Sort Colors:
Given an array with n objects colored red, white or blue, sort them in-place so that objects of the same color are adjacent, with the colors in the order red, white and blue.
Here, we will use the integers 0, 1, and 2 to represent the color red, white, and blue respectively.

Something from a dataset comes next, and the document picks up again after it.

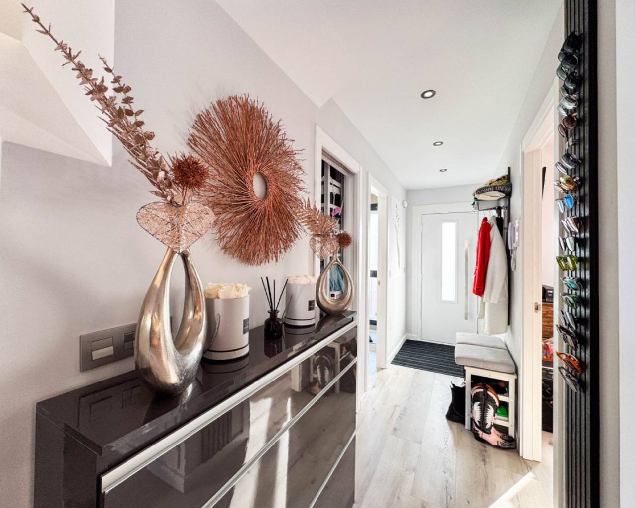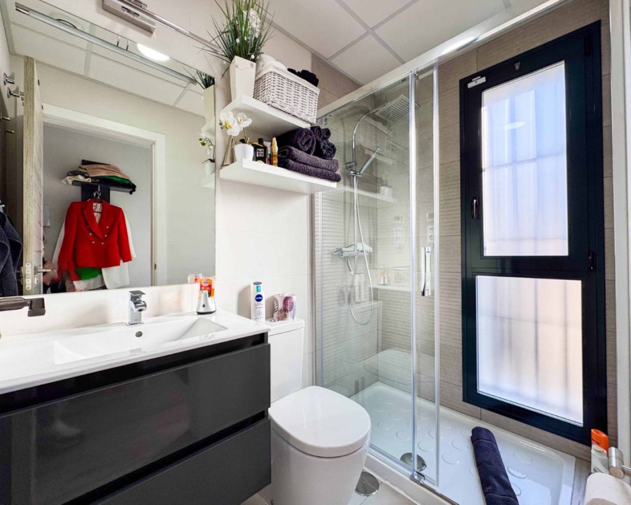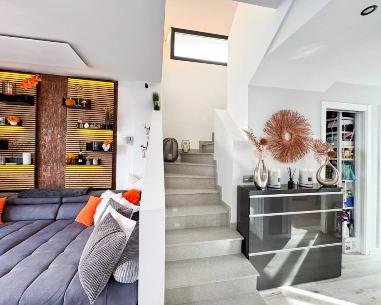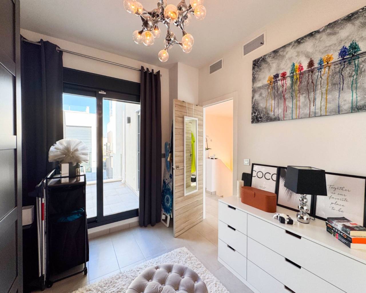 We present this spectacular 2-storey independent house with a private solarium, located in the exclusive and quiet PAU 26 area of Orihuela Costa, in the Residencial Entregolf urbanization. A modern and recently built home (2020), ideal for those seeking comfort, quality and proximity to all services. With 103 m² built on a 142 m² plot, this property stands out for its top quality finishes and its spacious spaces, designed for your comfort. On the ground floor, you will enjoy a spacious living room that connects to a charming terrace with a private 12 m² pool, accessible directly from the living room, creating a perfect environment to relax or enjoy social gatherings. The kitchen is modern and sophisticated, with a recent renovation that gives it functionality and style. In addition, it has a full bathroom, a bedroom and a pantry equipped with a washing machine and a water heater, offering convenience in everyday life. At the back of the plot, you will find an additional storage room, built by the owners, ideal for storing tools and other items. There is also a parking space at the front of the plot, with capacity for a small car. Going up to the first floor, there are 2 large bedrooms, with built-in wardrobes and pleasant views of the outdoor area. The floor is completed with another full bathroom with a modern and functional design. From this floor, you access a spectacular private solarium of 37 m², with a dining area, a pergola that will provide shade and a recently installed summer kitchen, perfect for enjoying sunny days and evenings outdoors. Additional features: Underfloor heating in the bathrooms, ensuring optimal comfort all year round. Large windows that bring light to each space and provide excellent ventilation. Electric blinds, for greater comfort and control of natural light. Infrared heating, an efficient and modern system to keep your home pleasant during the colder months. The house has 2.8 kW solar panels, which provide greater energy efficiency and reduce electricity consumption. The property is sold furnished and with high-quality appliances, ready to move into without the need for renovations or improvements. The property is located within the quiet and well-kept Residencial Entregolf development, which has a communal pool to enjoy refreshing swims in summer and communal parking for residents. Its location is unbeatable, with quick access to the motorway and just 1 km from the Lidl supermarket and 2 km from the Zenia Boulevard shopping centre, where you will find a wide variety of shops, restaurants and entertainment. In addition, the beach is only 2 km away, allowing you to enjoy the Mediterranean coast in just a few minutes. Take advantage of the opportunity to live in a modern house, in a quiet area, surrounded by nature and close to all services. This is your chance to live the way you've always dreamed!

Note: You are not suppose to use the library’s sort function for this problem.
Example:
Input: [2,0,2,1,1,0]
Output: [0,0,1,1,2,2]
Solution_01:
#include <iostream>
#include <vector>
#include <cassert>
using namespace std;
class Solution{
public:
// 时间复杂度: o(n)
// 空间复杂度: o(1)
void sortColors(vector<int>& nums){
int count[3] = {0}; // 存放0,1,2三个元素的频率
for(int i = 0; i < nums.size(); i++){
assert( nums[i] >=0 && nums[i] <=2 ); //防止数组越界
count[nums[i]] ++; // 一定要学会这种用法,用于计数
}
int index = 0;
for (int i = 0; i < count[0]; i++) {
nums[index++] = 0;
}
for (int i = 0; i < count[1]; i++) {
nums[index++] = 1;
}
for (int i = 0; i < count[2]; i++) {
nums[index++] = 2;
}
}
};
int main(){
return 0;
}
Solution_02
#include <iostream>
#include <vector>
#include <cassert>
using namespace std;
class Solution{
public:
// 时间复杂度: o(n)
// 空间复杂度: o(1)
// 只遍历了一遍数组
// 用的是三路快排的思想
void sortColors(vector<int>& nums){
int zero = -1; // nums[0...zero] == 0
int two = nums.size(); // nums[two...n-1] == 2
for (int i = 0; i < two; ) {
if (nums[i] == 1) {
i++;
} else if (nums[i] == 2) {
two --;
swap(nums[i], nums[two]);
} else{ // nums[i] == 0
zero ++;
swap(nums[zero], nums[i]);
i++;
}
}
}
};
int main(){
return 0;
}